Der Begriff Spedition (häufig auch als Speditionsunternehmen bezeichnet) ist einer der zentralen Grundpfeiler der weltweiten Wirtschaft und Logistik. Entgegen der weitverbreiteten Annahme ist eine Spedition im rechtlichen Sinne jedoch nicht zwingend das Unternehmen, das die Lkw besitzt und die Ware selbst von A nach B fährt.
Laut § 453 des Handelsgesetzbuches (HGB) ist die primäre Aufgabe einer Spedition die Besorgung des Transports. Das bedeutet: Die Spedition ist der Architekt des Transports. Sie plant Routen, konsolidiert Ladungen, wählt die am besten geeigneten Verkehrsträger (Lkw, Schiene, Schiff, Flugzeug) aus, verhandelt Frachtpreise und organisiert den gesamten logistischen Ablauf für den Versender.
Ermittlung des optimalen Verkehrsträgers, Routenplanung, Frachtraum-Auslastung und Zollabwicklung.
Bündelung von Einzelsendungen (Sammelgut) im Logistik-Hub zur effizienten Auslastung der Hauptläufe.
Sicherer Transport durch qualifizierte Frachtführer – von der Abholung bis zur Zustellung frei Bordsteinkante.
In der Praxis verschwimmen die Begriffe oft. Dennoch gibt es strikte juristische und operative Unterschiede, die für Verlader von großer Bedeutung sind.
| Merkmal | Spedition (Spediteur) | Frachtführer (Fuhrunternehmer) |
|---|---|---|
| Hauptaufgabe | Organisation und Vermittlung des gesamten Transports (rechtliche Besorgungspflicht). | Die tatsächliche, physische Durchführung des Transports mit eigenen Lkw. |
| Vertragsart | Speditionsvertrag (§ 453 HGB) | Frachtvertrag (§ 407 HGB) |
| Flexibilität | Sehr hoch. Kann bei Engpässen flexibel auf tausende Partnerfahrzeuge im Netzwerk zurückgreifen. | Eingeschränkt. Ist an die Kapazitäten der eigenen, physischen Fahrzeugflotte gebunden. |
| Leistungsspektrum | Multimodal (kombiniert Lkw, Schiene, Luftfracht), inkl. Verzollung, Lagerung und Kommissionierung. | Fokus liegt meist rein auf der Strecke von der Ladestelle zur Entladestelle. |
Hinweis zum „Selbsteintritt“: Führt eine Spedition den Transport mit eigenen Fahrzeugen selbst durch, spricht man im Transportrecht vom sogenannten Selbsteintritt (§ 458 HGB). In diesem Moment haftet die Spedition gleichzeitig als Frachtführer.
Moderne Speditionen steuern komplexe Supply-Chains. Zu den klassischen speditionellen Dienstleistungen gehören:
Konsolidierung (Sammelgutverkehr): Einzelne Stückgut-Sendungen verschiedener Kunden werden zu Sammelladungen zusammengefasst, um Transportkosten zu senken.
Dokumentenabwicklung: Erstellung von Frachtbriefen (CMR im internationalen Verkehr), Ladelisten und die Abwicklung von Zollformalitäten.
Lagerlogistik: Zwischenlagerung von Waren, Bestandsmanagement sowie Value-Added-Services (z.
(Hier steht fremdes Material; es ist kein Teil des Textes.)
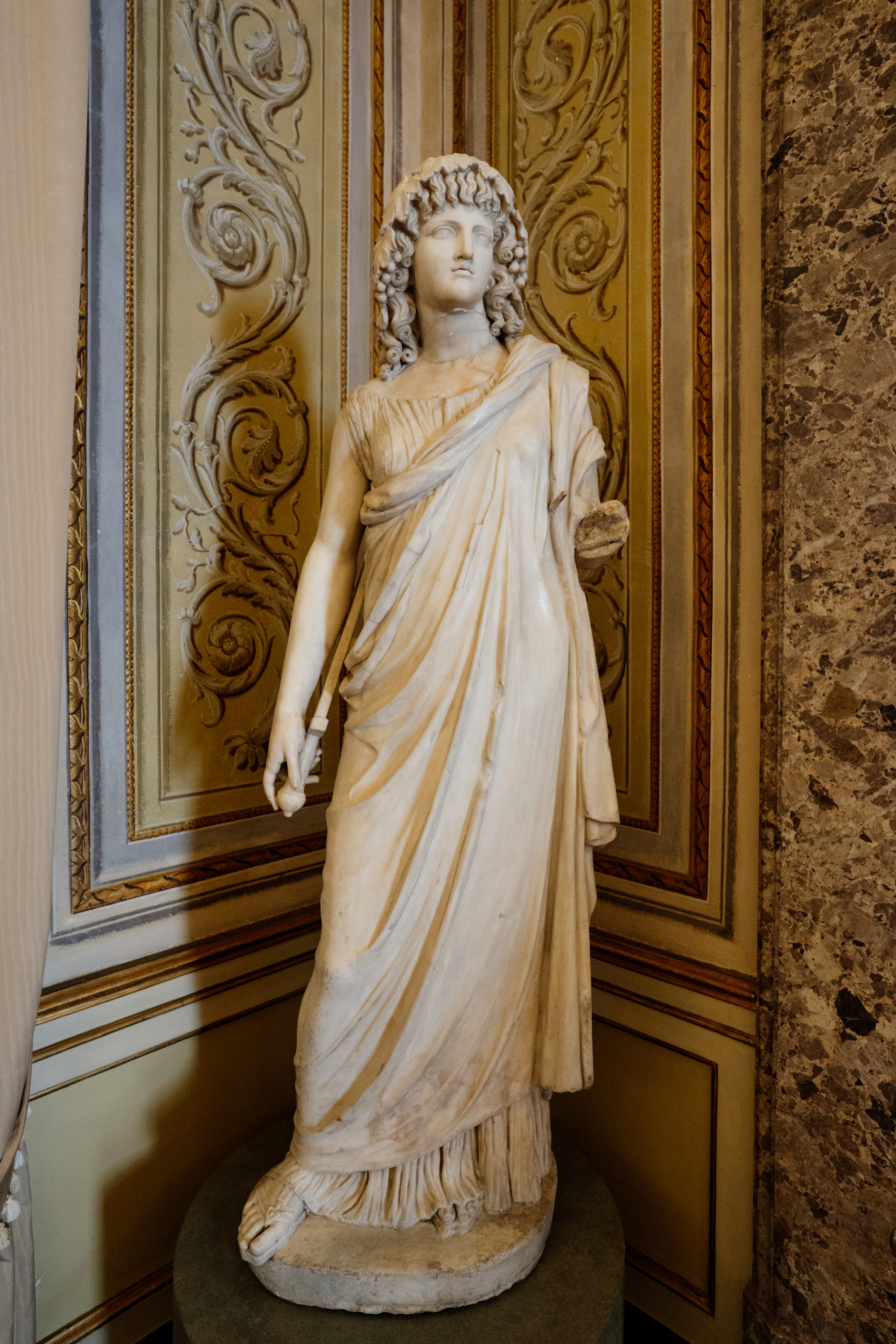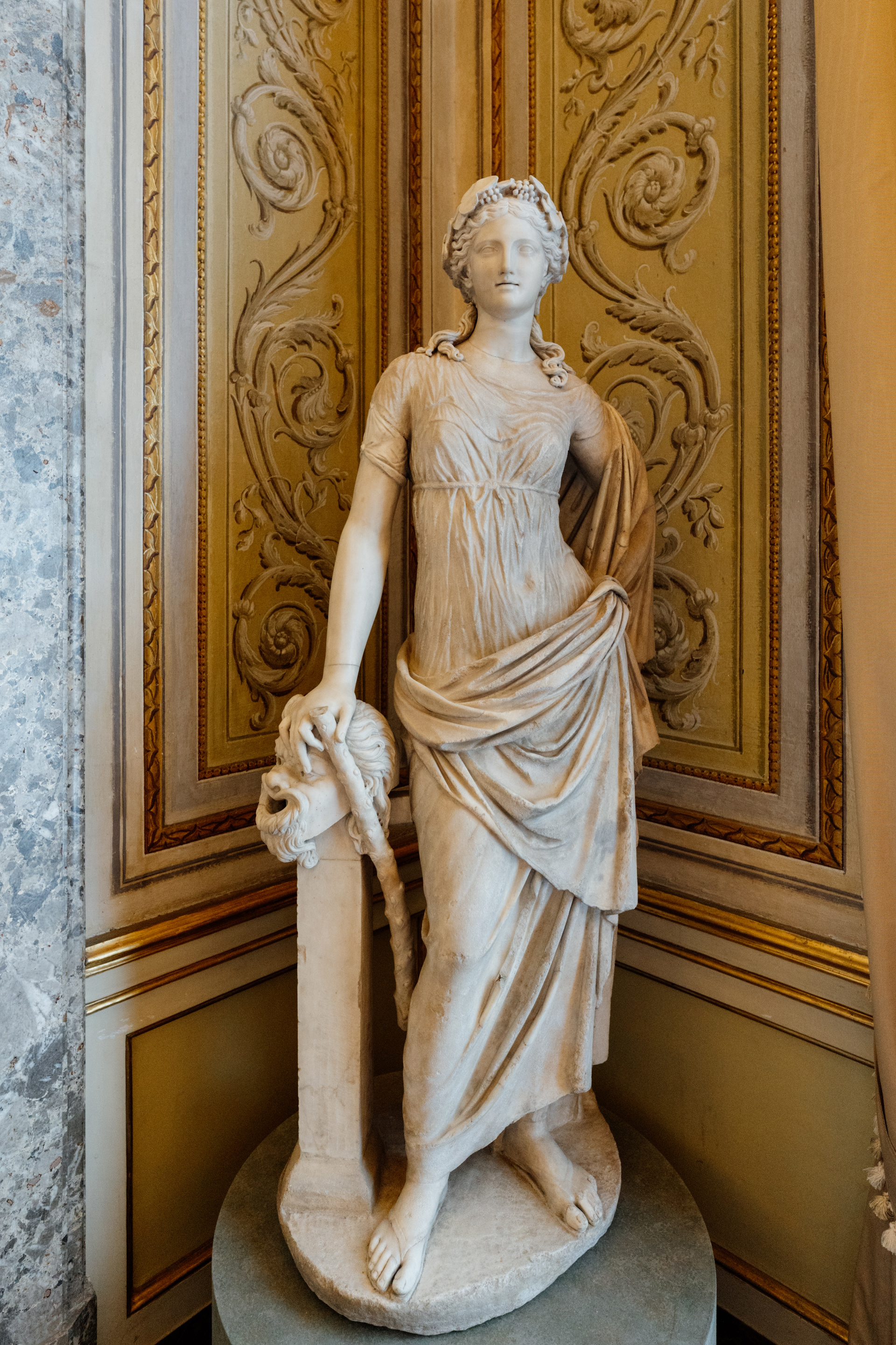 Talia, musa della Commedia e della Tragedia, dalla Collezione Farnese II sec. d.C., con restauri e integrazioni tra la fine del XVIII e i primi decenni del XIX secolo (particolare)

B. Verpacken, Etikettieren oder Kommissionieren).
Transportversicherung: Eindeckung der Güter mit Zusatzversicherungen zum Schutz des Verladers vor finanziellen Verlusten bei Beschädigung oder Verlust.
Der Speditionsversand in Deutschland ist stark reglementiert. Um eine einheitliche Rechtsbasis zu schaffen, arbeitet die Logistikbranche fast ausschließlich nach den Allgemeinen Deutschen Spediteurbedingungen (ADSp).
Die ADSp regeln im Detail die Pflichten des Verladers (z. B. richtige Kennzeichnung und transportsichere Verpackung) sowie die Haftungsgrenzen der Spedition. Bei Verlust oder Beschädigung haftet eine Spedition standardmäßig nach gesetzlichen Höchstsätzen, die an sogenannte Sonderziehungsrechte (SZR) gekoppelt sind. Da diese Haftung bei leichten, aber extrem teuren Gütern oft nicht den realen Warenwert abdeckt, empfiehlt sich bei hochwertigen Frachten stets der Abschluss einer separaten Transportversicherung über den Spediteur.
Sie kümmert sich hauptberuflich um die Abholung von Gütern bei einer Adresse und das Verbringen der Waren an eine andere Adresse. Dabei trägt der Spediteur Sorge für einen Platz auf einem geeigneten Transportmittel; wahlweise Fahrzeug, Bahn, Schiff oder Flugzeug. Handelt es sich um internationalen Versand, kommt noch die Verzollung der Güter hinzu.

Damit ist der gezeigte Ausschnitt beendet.